(Montréal) GardaWorld n’est pas seule à s’intéresser au numéro un mondial de la sécurité G4S : une entreprise américaine dont la Caisse de dépôt et placement du Québec (CDPQ) est le deuxième actionnaire en importance vient de tenter sa chance, ce qui a donné lieu à un échange de reproches entre la multinationale québécoise et la Caisse.

Déposée la semaine dernière, l’offre « hautement conditionnelle » d’Allied Universal Security Services valorise G4S à environ 5,7 milliards CAN et elle a été rejetée, a confirmé mardi la société britannique. Cette somme est néanmoins supérieure à la proposition hostile estimée à 5,2 milliards CAN présentée par GardaWorld à la fin septembre.

Le fondateur ainsi que président et chef de la direction de l’entreprise québécoise, Stéphane Crétier, n’a pas semblé apprécier l’offensive, estimant, dans une déclaration envoyée par courriel, qu’il y aurait des « enjeux insurmontables » pour Allied Universal en matière de concurrence aux États-Unis advenant une transaction.

Il s’est également interrogé sur les motivations de la CDPQ qui appuie une entreprise qui souhaite en acquérir une autre dont les lacunes sont « graves » en matière de critères environnementaux, sociaux et de gouvernance (ESG) et qui est sur la « liste noire » de plusieurs gestionnaires de régimes de retraite.

« Nos employés québécois ne peuvent en effet comprendre les raisons qui motivent “leur” Caisse de dépôt à investir dans une entreprise faisant l’objet de nombreux scandales, a fait valoir M. Crétier. Parmi ceux-ci, notons des poursuites liées à de la torture au sein de prisons sous sa gouverne en Afrique du Sud, des paiements versés aux talibans pour protéger ses activités en Afghanistan, des pratiques d’emploi propres à l’esclavage au Moyen-Orient ainsi que des enquêtes pour corruption en Europe. »

La CDPQ n’a pas tardé à réagir. Au cours d’un entretien téléphonique, son porte-parole, Maxime Chagnon, a estimé qu’il y avait quelque chose de « fondamentalement incohérent » dans l’approche de GardaWorld.

« Un jour elle approche la Caisse pour un partenariat, puis elle renonce ensuite à son entente avec (elle), a-t-il dit au cours d’un entretien téléphonique. Un jour elle cherche à faire l’acquisition de G4S et l’autre, elle cherche à critiquer les éléments ESG de l’entreprise qu’elle souhaite acquérir. »

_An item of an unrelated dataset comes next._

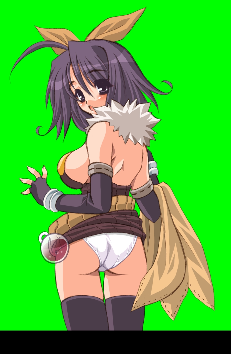 1girlahogealchemistfemale focuslooking backpantiespurple eyespurple hairribbonshort hairsolothighhighsunderwearwhite panties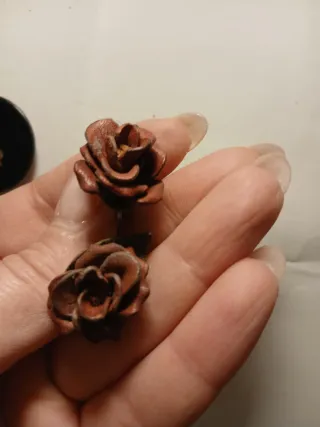 Coppia di orecchini a forma di fiore. - Design floreale unico. - Dettagli in verde e marrone.

La CDPQ était sur les rangs afin d’épauler GardaWorld en matière de financement – par l’entremise d’une offre en actions privilégiées de plus de 1 milliard US selon les informations colligées par La Presse Canadienne – pour l’aider à acquérir G4S. La multinationale québécoise avait finalement opté pour un syndicat bancaire ainsi qu’une proposition de la société d’investissement américaine HPS Investment Partners.

Beaucoup d’argent

En date du 31 décembre dernier, la CDPQ évaluait son placement dans Allied Universal à plus de 1,5 milliard, selon les informations figurant dans son dernier rapport annuel. En février 2019, le bas de laine des Québécois avait été impliqué dans une transaction lui permettant de devenir le plus important actionnaire de la société américaine. Le fonds d’investissement américain Warburg Pincus a toutefois repris le premier rang depuis.

G4S, dont la réputation a été malmenée au cours des dernières années en raison d’une série d’évènements, compte plus de 533 000 salariés dans plus de 85 pays, dont le Canada. Ses profits ont été, pour les six premiers mois de l’année en cours, d’approximativement 165 millions CAN sur des revenus de 5,7 milliards CAN.

Allied Universal dit compter plus de 200 000 employés dans des marchés comme les États-Unis, le Canada, le Mexique et le Royaume-Uni, en plus de générer des revenus annuels supérieurs à 8,5 milliards US.

Fondée il y a plus de 25 ans, GardaWorld emploie plus de 102 000 salariés en Amérique du Nord, en Afrique, en Asie ainsi qu’au Moyen-Orient.

Depuis l’an dernier, BC Partners, établie à Londres, est le plus important actionnaire de la société québécoise après avoir conclu une entente de 5,2 milliards en échange d’une participation de 51 %. M. Crétier détient une participation de 43 %, alors que le reste appartient à d’autres dirigeants de la société.

Avant l’annonce de cette transaction, la CDPQ détenait des obligations de GardaWorld dont la valeur oscillait entre 150 millions et 300 millions, d’après son rapport pour l’année terminée le 31 décembre 2018.